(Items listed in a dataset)
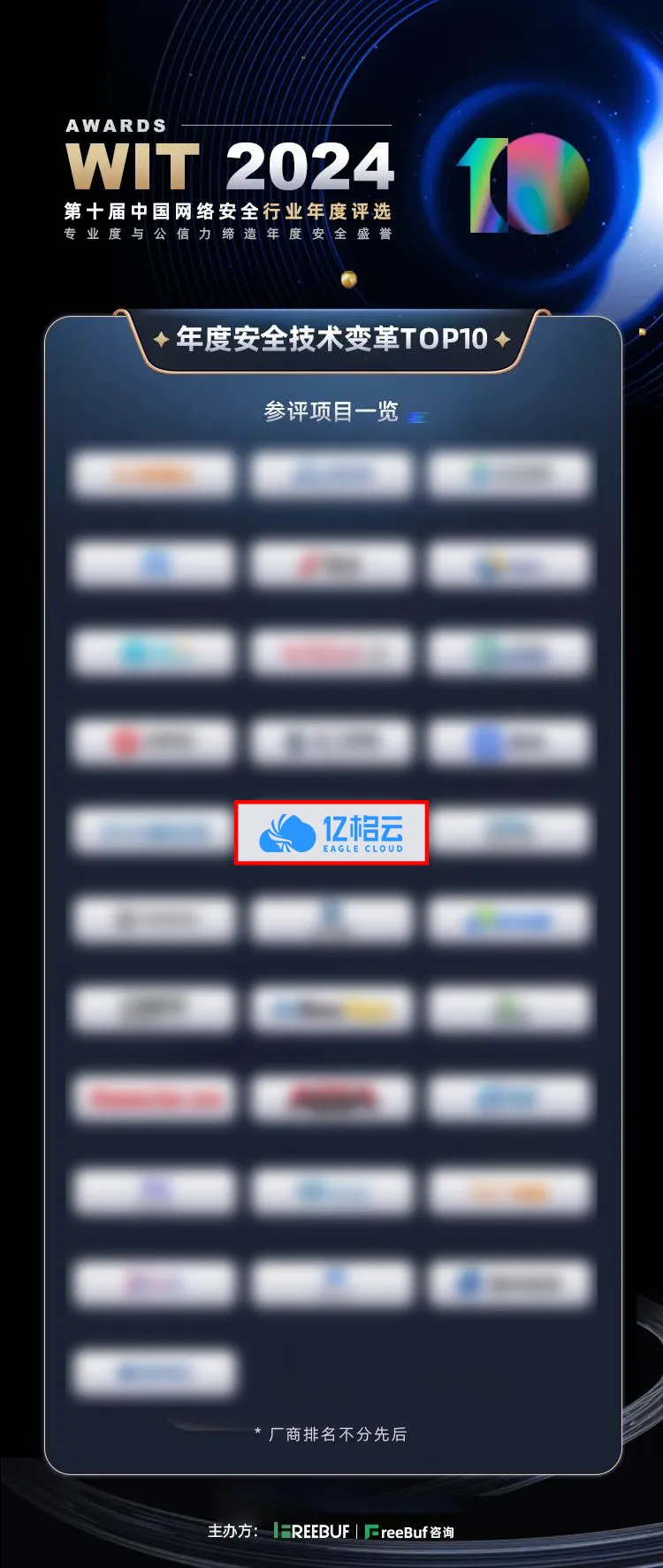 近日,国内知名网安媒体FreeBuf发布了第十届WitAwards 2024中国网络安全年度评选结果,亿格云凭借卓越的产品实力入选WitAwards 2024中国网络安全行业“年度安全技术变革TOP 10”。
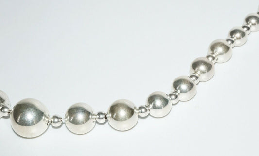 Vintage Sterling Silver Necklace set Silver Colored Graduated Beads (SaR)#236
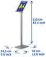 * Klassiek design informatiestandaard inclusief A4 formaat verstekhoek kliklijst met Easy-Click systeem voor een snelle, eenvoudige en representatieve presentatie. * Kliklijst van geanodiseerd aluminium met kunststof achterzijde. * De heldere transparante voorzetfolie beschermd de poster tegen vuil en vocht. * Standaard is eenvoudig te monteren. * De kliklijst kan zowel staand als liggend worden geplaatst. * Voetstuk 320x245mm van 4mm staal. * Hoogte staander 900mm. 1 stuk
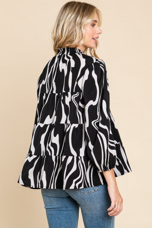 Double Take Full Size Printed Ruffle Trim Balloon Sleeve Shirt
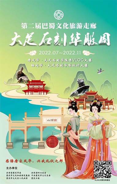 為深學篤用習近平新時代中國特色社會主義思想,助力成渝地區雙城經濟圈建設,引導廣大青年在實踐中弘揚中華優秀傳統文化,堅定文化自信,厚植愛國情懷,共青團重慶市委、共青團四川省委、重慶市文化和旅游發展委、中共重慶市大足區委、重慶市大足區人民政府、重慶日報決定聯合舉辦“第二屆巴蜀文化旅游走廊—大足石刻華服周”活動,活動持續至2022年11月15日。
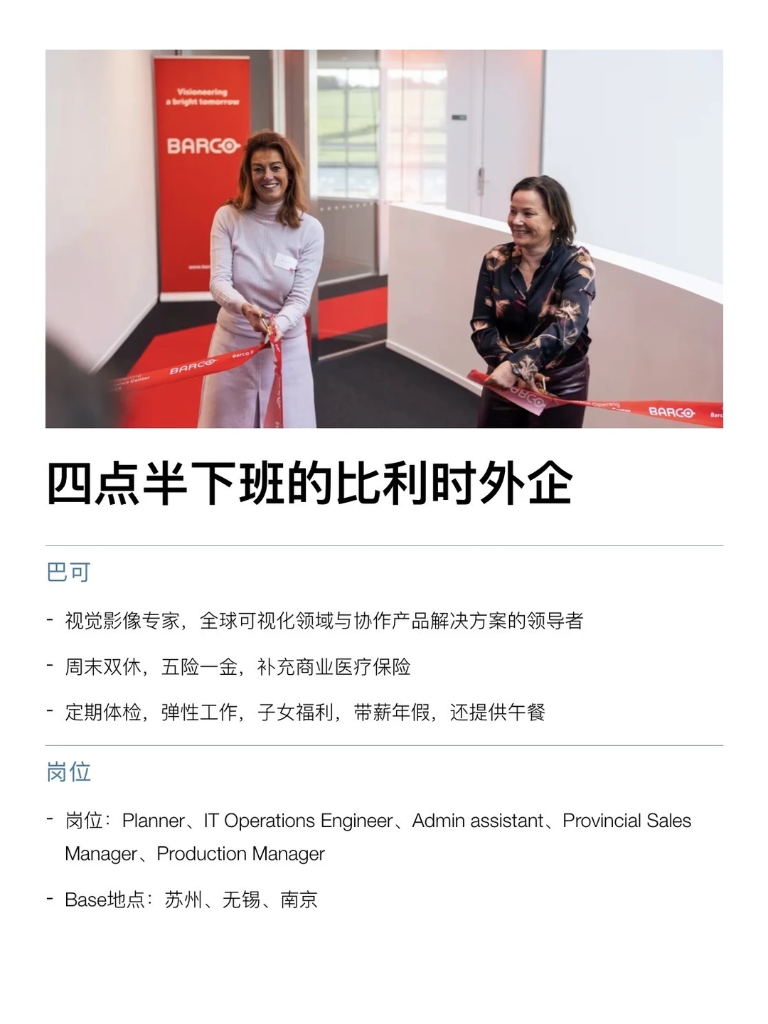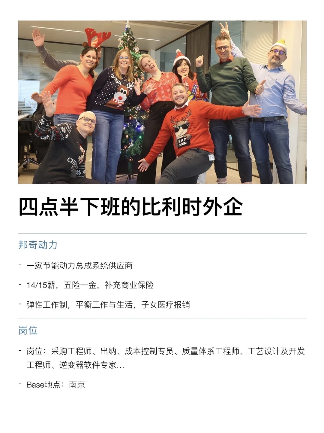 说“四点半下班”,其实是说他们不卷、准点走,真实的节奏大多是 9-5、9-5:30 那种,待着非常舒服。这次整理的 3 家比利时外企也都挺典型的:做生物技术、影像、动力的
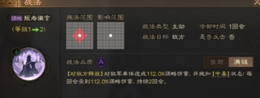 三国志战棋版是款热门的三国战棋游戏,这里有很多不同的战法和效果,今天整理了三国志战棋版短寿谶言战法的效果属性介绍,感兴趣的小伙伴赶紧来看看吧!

▶ REQUIREMENT
Only one thing is required here: an exact copy of the lines from the one bearing "Double Take Full" through the final line above, both included, with pictures left out.

▶ PROBLEM SOLUTION
 Double Take Full Size Printed Ruffle Trim Balloon Sleeve Shirt
 為深學篤用習近平新時代中國特色社會主義思想,助力成渝地區雙城經濟圈建設,引導廣大青年在實踐中弘揚中華優秀傳統文化,堅定文化自信,厚植愛國情懷,共青團重慶市委、共青團四川省委、重慶市文化和旅游發展委、中共重慶市大足區委、重慶市大足區人民政府、重慶日報決定聯合舉辦“第二屆巴蜀文化旅游走廊—大足石刻華服周”活動,活動持續至2022年11月15日。
 说“四点半下班”,其实是说他们不卷、准点走,真实的节奏大多是 9-5、9-5:30 那种,待着非常舒服。这次整理的 3 家比利时外企也都挺典型的:做生物技术、影像、动力的
 三国志战棋版是款热门的三国战棋游戏,这里有很多不同的战法和效果,今天整理了三国志战棋版短寿谶言战法的效果属性介绍,感兴趣的小伙伴赶紧来看看吧!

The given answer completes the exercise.